DIRECTIONS FOR THIS TASK | An exact transcript is required of the lines below, from the one containing "Zone de sécurité : 12,5 x 10,5 (131,3 m2)" through the very last; leave every picture out of it.

RECORDS PROVIDED |
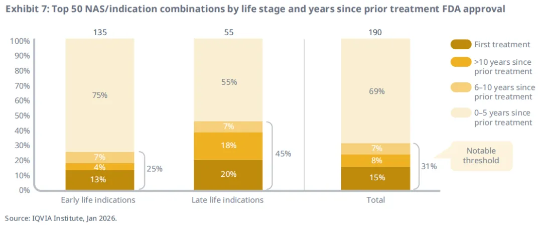 相比之下,早期适应症中仅25%属于五年内首创疗法,13%为该疾病史上首款获批药物,这凸显了后期适应症拓展在打破治疗僵局中的独特作用。
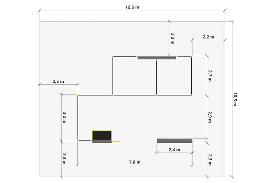 Zone de sécurité : 12,5 x 10,5 (131,3 m2)
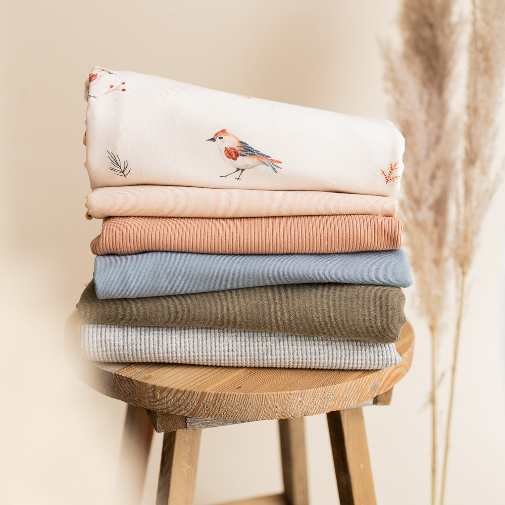 Wir haben hier die perfekte Lösung! Zu all unseren handgemalten, exklusiven Stoffen zeigen wir euch passende Kombis! Und das nicht nur als Bild! Mit der Funktion „Stoffstapel shoppen“ legst du easy peasy deine Traumkombi in den Warenkorb!
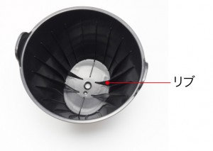 リブを深くしてペーパーとフィルターの間に空間をつくり、コクのある奥深い味わいを抽出するじっくり蒸らしを実現。
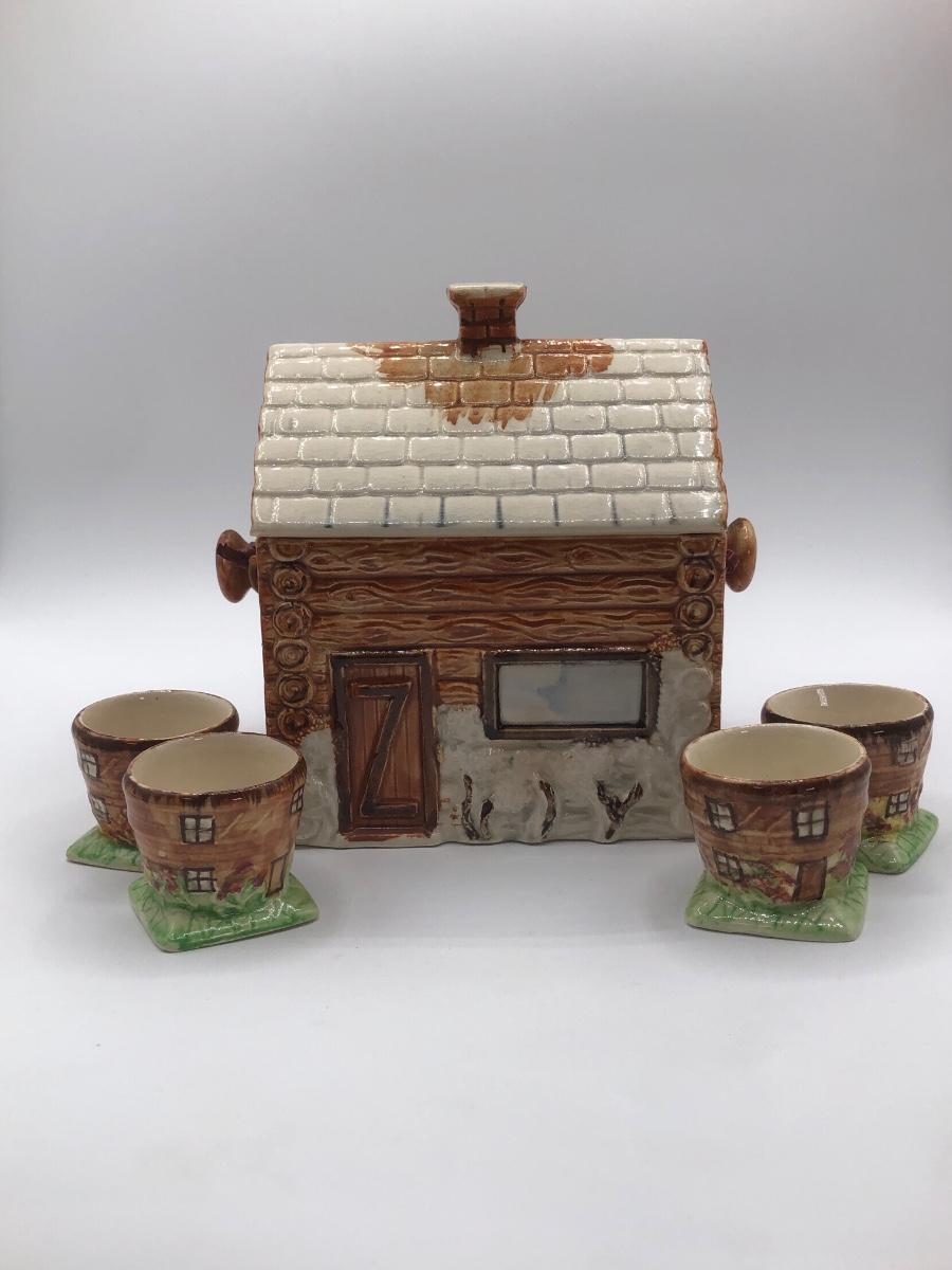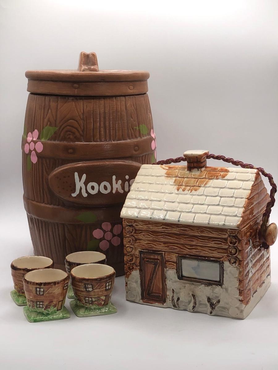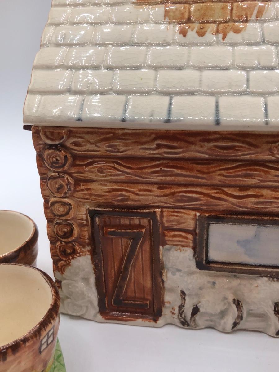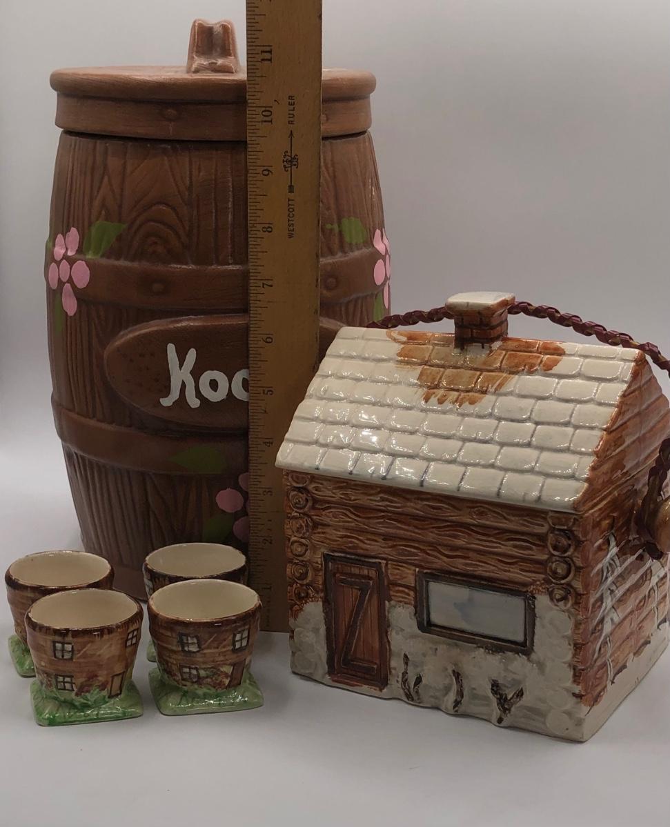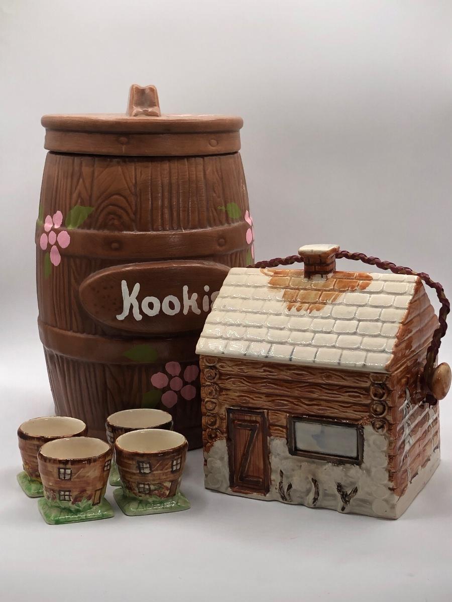 LOT 50: Price Bros England Log Cabin Biscuit Barrel w/ 4 Matching Snack Cups & Ceramic "Kookies" Barrel Shaped Cookie Jar

EXERCISE ANSWER |
 Zone de sécurité : 12,5 x 10,5 (131,3 m2)
 Wir haben hier die perfekte Lösung! Zu all unseren handgemalten, exklusiven Stoffen zeigen wir euch passende Kombis! Und das nicht nur als Bild! Mit der Funktion „Stoffstapel shoppen“ legst du easy peasy deine Traumkombi in den Warenkorb!
 リブを深くしてペーパーとフィルターの間に空間をつくり、コクのある奥深い味わいを抽出するじっくり蒸らしを実現。
 LOT 50: Price Bros England Log Cabin Biscuit Barrel w/ 4 Matching Snack Cups & Ceramic "Kookies" Barrel Shaped Cookie Jar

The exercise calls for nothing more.